Not one of them sang to him even when they looked right at him, and he remained hungry for Cait’s voice. He stepped from the shower, and his blood reprioritized at the sound of her. She sang to him on his train, and he wished his father could hear her sing or, better yet, come with him to a gig. “The thing is, Cannonball, if you’re ever lucky enough to see one of the truly great ones perform, you don’t walk out the door the same man that walked in.”

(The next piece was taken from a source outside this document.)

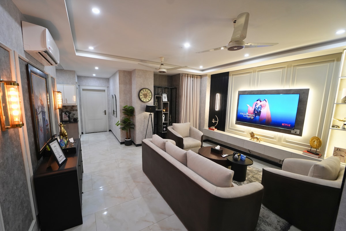 Disfruta de la serenidad en un apartamento de esquina de 2 dormitorios con temática Japandi, único en su clase, situado idealmente en el corazón del centro de Islamabad. El espacioso apartamento (1710 pies cuadrados) cuenta con un minimalismo moderno, dos balcones privados que ofrecen vistas panorámicas de las colinas de Margalla y Gulberg Greens, cómodas camas, espacio de trabajo dedicado, wifi de 40 mbps, un cine en casa para noches de cine acogedoras, juegos de mesa y una cocina abierta totalmente equipada para cocinar tu comida favorita. ¡Perfecto para familias, amigos o trabajadores remotos!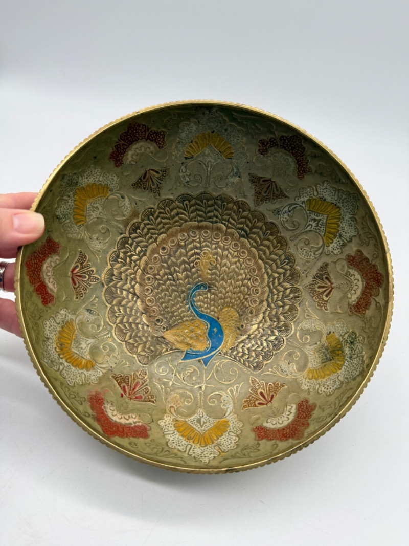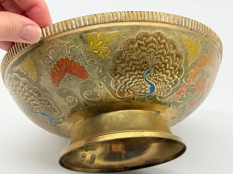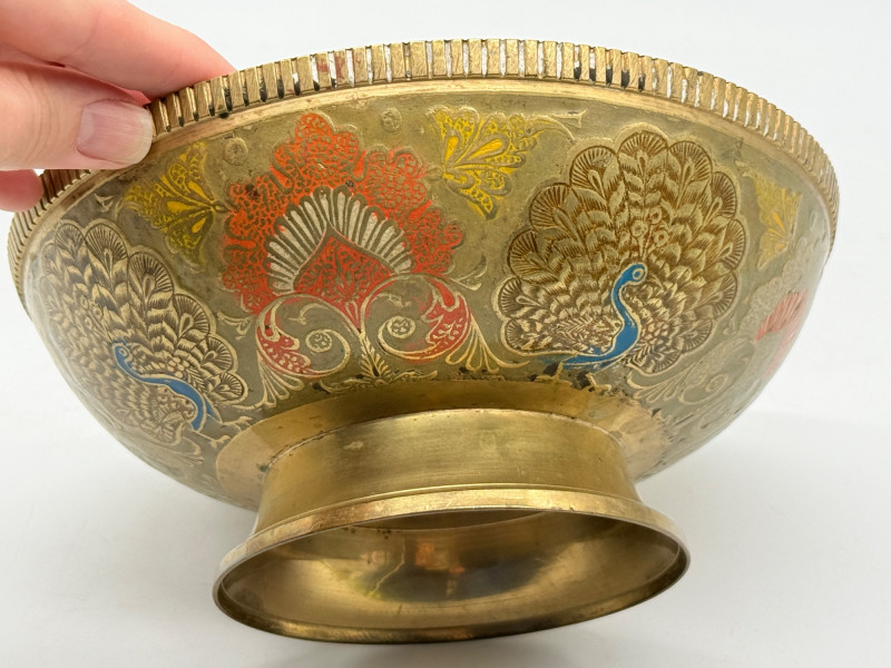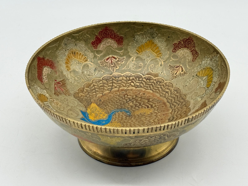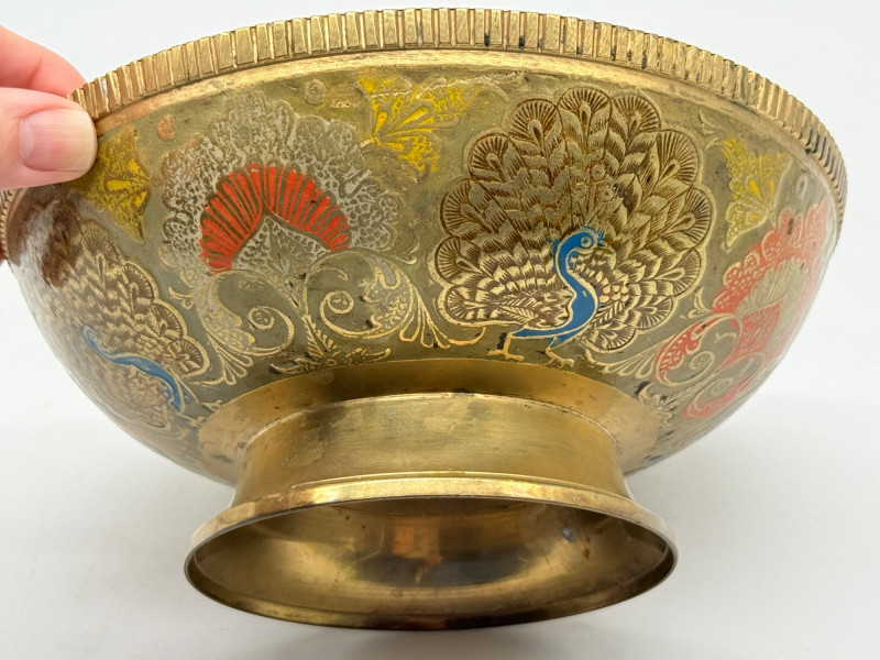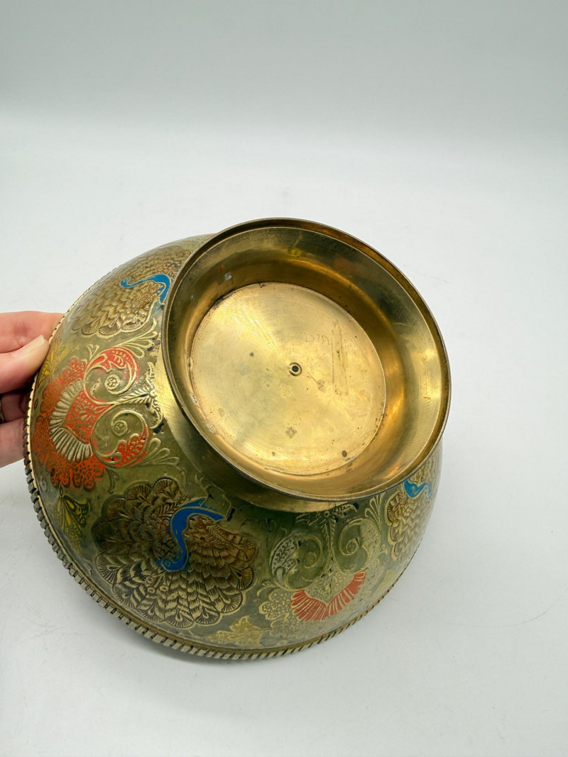 Indian Brass Cloisonne Bowl w/ Meenakari Art

Julian and Aidan’s father had made his living designing, building, and installing inflatables. This was not the glamour of the Macy’s Thanksgiving parade, the pinnacle of a crowded, low-margin industry. Rather, Will Donahue rented out bouncy castles for children’s parties and pumped up twenty-foot-tall rats for unions picketing at scabby building sites. He oversaw the manufacture of toys for circus and museum gift shops. (He could also, calling himself a “pneumatic zoologist,” twist for the boys’ birthday parties an impressive line of balloon animals, including bald eagles, meerkats, piranhas, box jellyfish, and plankton, magnified.) He created custom-builts for business parties and raffles: miniature inflatable jumbo jets, jumbo inflatable chocolate bars, life-size inflatable nuclear-missile components recognizable only to the engineers at the party. He also manufactured—a profitable but small portion of the business—”personal comfort inflatables,” available only by private mail order: Air-dorables, Floating Venus, Weightless Tess, Pump ‘n’ Hump, and Silent Nights, the last in a package emblazoned with the Elvis Presley lyrics, “A little less conversation, a little more action.” This element of the business never entered the house, where the kids happily examined their father’s drawings of inflatable reindeer. Aidan’s doubts about their father, however, were already beginning when he visited the company’s dingy offices, came upon an Air-dorable, and returned home convinced that Dad was making inflatable, naked Moms. Literally: “They look just like her,” he insisted to Julian, age nine. “You don’t remember her, but I do.”